Em seguida, veio ´O Comunicado do Canguru´, que é  um monólogo feito pelo Kiko Mascarenhas. Nesse trecho do espetáculo, ele é um funcionário de uma loja de departamentos que é encarregado de responder às demandas dos clientes. O cenário é uma mesa, e  uma cadeira, e ele fala para uma câmera de vídeo, pois está gravando uma resposta ( totalmente fora dos padrões ) para um cliente que comprou um CD de música clássica de um autor, mas queria trocar por outro, só que sem nota fiscal, com a embalagem violada.... ou seja, coisa que loja nenhuma aceitaria.  Mas a carta do cliente de algum modo toca o funcionário de maneira especial, e o que vemos é esse funcionário, esse burocrata que faz suas tarefas de modo absolutamente automático, revelar muito de sua vida, de sua personalidade, de suas inseguranças, nesse vídeo que está gravando para o cliente.  E nós vemos o que a câmera está gravando projetado num telão à direita do palco, e nos fundos, há também telas onde são projetados slides que sugerem um escritório. Esse recurso, de projetar o cenário num anteparo, é muito bem explorado na trama seguinte, chamada ´Sono´.

Em ´Sono´, novamente há o casal formado pela Maria Luísa Mendonça e o André Frateschi. Mas agora é ela quem domina a cena, é  uma dona de casa que sofre de insônia crônica, e que está há dias sem dormir. O marido é um dentista em início de carreira, e ambos têm um filho. Trata-se de uma família de ´comercial de margarina´, mas a mulher, por não dormir, começa a ter alucinações com o livro ´Anna Karenina´, de Tolstoi, que está lendo. Essa crônica é a mais lírica, com os personagens se transformando a todo momento em marido / mulher contemporâneos ou personagens do livro. E houve uma solução na encanação que achei muito legal: o cenário é projetado sobre superfícies verticais, uma mais larga ao centro, e outras duas menores e mais recuadas nas laterais, de modo que há um corredor entre elas. Por esse corredor os personagens entram e saem do palco, e as projeções vão alternando os ambientes entre o apartamento do casal e a Rússia do século XIX. Mas o mais interessante em relação ao cenário foi quando o filho vai para o quarto dormir, e depois o marido: nas superfícies laterais estão projetadas camas, na vertical. Então cada um deles se encosta, de pé na frente da superfície, e ´deita´ sobre a projeção, em posição de dormir.

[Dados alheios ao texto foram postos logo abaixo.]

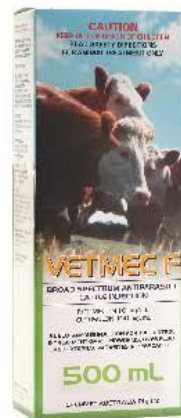
Vetmec F Injection

A trama não tem uma ´solução´, não é revelado o que acontece com a personagem, se ela resolve o seu problema de insônia ou não. E nem é necessário, o que fica é o jogo entre alucinação e realidade, de um modo bastante fluido, e muito bonito. Agora foi a vez da Maria Luísa Mendonça brilhar, numa atuação  muito delicada.

Depois vem a encenação cômica do espetáculo, a crônica ´Segundo Ataque´.  Há  um ´mano´  de periferia ( Kiko Mascarenhas ), com seu linguajar cheio de gírias, que está com fome e sem nada na geladeira, em plena madrugada. Ele está recém-casado com uma japonesa ( Marjorie Estiano ), que o faz pegar a sua pistola, e juntos saem para um assalto à uma lanchonete, no caso a ´WcDonald´s´.  Essa foi a encenação que eu menos gostei, achei inclusive que a platéia tinha muitos risos forçados, coisa que não era tão engraçada assim, mas que as pessoas gargalhavam como se estivessem vendo uma grande comédia. Nada disso. A encenação tem as críticas óbvias ao fast-food, o casal de ladrões são dois boçais... O que chamou mais a atenção foi a encenação da Marjorie Estiano, ela estava caracterizada como uma boneca japonesa, e tinha um gestual todo fragmentado. A voz, com sotaque nipônico, claro, em alguns momentos ficava ininteligível, simplesmente não dava para entender o que ela falava. Essa ´esquete´  foi a que eu achei mais fraca, poderia ter feito parte de um show de humor qualquer. Apesar do desempenho físico da Marjorie, não havia nada que trouxesse um ´algo a mais´, nenhum lirismo, apenas uma caricatura.

E por fim, chegamos ao texto que dá nome ao espetáculo, ´O Desaparecimento do Elefante´. Numa loja de móveis planejados, a jornalista ( Fernanda de Freitas ) vai ao encontro do representante da loja ( Rafael Primot ), saber dos lançamentos da empresa para uma matéria em revista de decoração. Na verdade, os dois estão ali apenas para cumprir o seu papel profissional, nenhum dos dois têm real interesse nos produtos. Nem o funcionário acha que as modificações da nova linha têm real importância, ele apenas repete o que lhe foi dito pelos seus superiores.  Mas a partir da sinceridade dos dois, há uma relação mais humana, menos profissional, e ambos mostram um certo interesse um pelo outro. Sentam-se lado a lado na loja vazia, e começam a conversar sobre suas vidas.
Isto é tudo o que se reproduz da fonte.